Manitoba Premier Greg Selinger promises a special compensation program for Manitobans whose properties will be sacrificed because of the cut in the Hoop and Holler Bend, which is set to take place Saturday morning.
During a television broadcast Friday evening, Selinger said the program will be "above and beyond the disaster assistance and insurance already in place."
"Families and producers affected by the controlled release will receive compensation to cover damages, income losses and the cost of recovering the land after the flood waters recede," he added.
Selinger said breaking open the dike that's holding back water at the bend in the Assiniboine River "was not an easy decision."
"We have worked to delay the timing of the release for as long as we safely could to allow more homes to be protected," he said, adding the military is still busy protecting more than 100 homes.
Selinger said the alternative — an uncontrolled break — would be "catastrophic and unpredictable, spilling water onto more than 500 square kilometres of land and up to 850 homes.
"If we stood back and allowed nature to run its couse, we would face an almost certain uncontrolled break of the dike."
Provincial officials said they planned to visit all homes in the zone that is expected be artificially flooded in the coming days to listen to concerns and ensure residents have the information they need.
The door-to-door blitz comes after days of criticism from residents and municipal leaders about a lack of information.
"Message received," Emergency Measures Minister Steve Ashton said after visiting the reeve of the RM of Portage la Prairie Friday afternoon.
The province has faced many complaints about a lack of information about the timing of the planned release of water from a notch to be cut in the dike just east of Portage la Prairie. The dike at Hoop and Holler Bend will be breached by excavating equipment beginning at about 6 a.m. on Saturday. The water will be released slowly at first, and many in the impact zone won’t be affected for several days.

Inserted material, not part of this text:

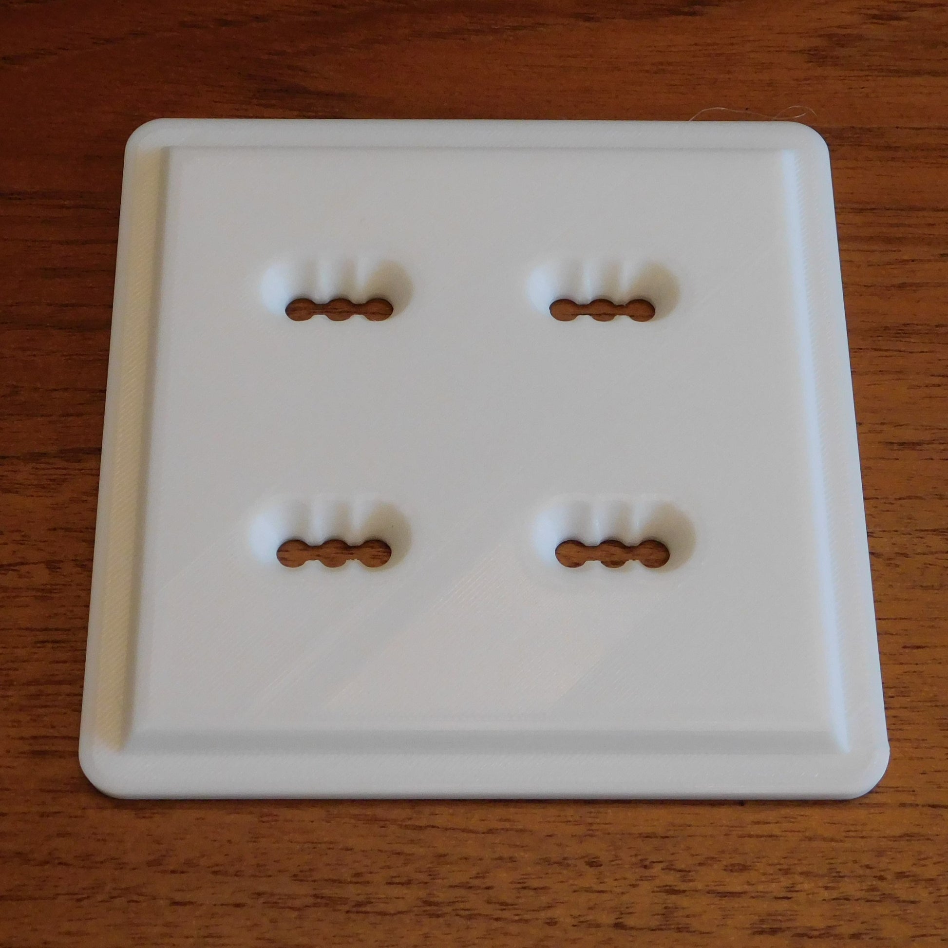 The die and cutter are 3D-printed using PLA filament. PLA is a plastic made from starch (not petrochemicals) and is compostable in industrial composters.
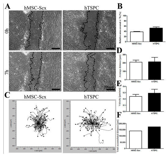HMSC-Scx and hTSPC migration potential. (A) Representative images of wound closure at the beginning and the end of the experiment. The cellular fronts are outlined with black lines. (B) Calculation of area covered by cells in % to the initial wound area. Nine scratches per cell type were analyzed (n = 9). (C) Plots showing the forward migration index, where each black line is an individual cell track. (D–F) Quantification of the average and total accumulated distances and the cell velocity (n = 320 tracks per cell type).

Ashton reiterated that one of the reasons the province has not been able to be precise is that it has been trying to delay the release to buy people more time to prepare their properties.
Ashton said some people have been confused as to whether they are in the potential flood zone. Some people who have complained they have not received information from government do not live in the area that will be artificially flooded, Ashton said.
The government estimated Friday that flows from the controlled release would reach Elie in about a week. The water will likely flow into the La Salle River south of the town.
On Friday, residents in La Salle, Sanford, and Starbuck bolstered their flood defences as a precaution, although they weren't expected to be affected by the controlled release.
Chuck Sanderson, executive director of Manitoba’s Emergency Measures Organization, said people who are unsure whether they will be affected can contact their municipality or visit the general government and Water Stewardship Department websites.
Also on Friday, the RM of Portage la Prairie issued a third precautionary voluntary evacuation notice covering 25 square miles and affecting 76 residences. Those homes are east of PR 430, south of the Assiniboine River, to Road 68 North and south of the Assiniboine River from the Trans-Canada Highway to PR 430.
Tthe evacuation is voluntary but will be made mandatory if there are escalating concerns over safety.
The first two voluntary evacuations covered:
* Road 34W east to PR 13 and from PR 331 south three miles to the correction line (Road 60N), and
* from Road 69 north to Lake Manitoba, and approximately two-and-a-half miles on either side of the Portage Diversion.
The municipality is asking people who are leaving their homes to register with the Red Cross at 1-888-662-3211 or visit the reception centre located in the Provincial Building in Portage la Prairie, at 25 Tupper Street North.
Land south of the Assiniboine wasn't the only vast area in imminent danger. Residents and cottage owners at Twin Lakes Beaches on Lake Manitoba feared their properties would go under water soon as the province pumps in even more water from the swollen Assiniboine.
They said they are still recovering from last October’s storm that wiped out a large part of the shoreline. And, the Portage Diversion is carrying massive rushing water at almost double the rate it handled a week ago, bleeding off so much water from the Assinboine and dumping it in Lake Manitoba that provincial officials said Friday it was handling more water than the Red River Floodway around Winnipeg.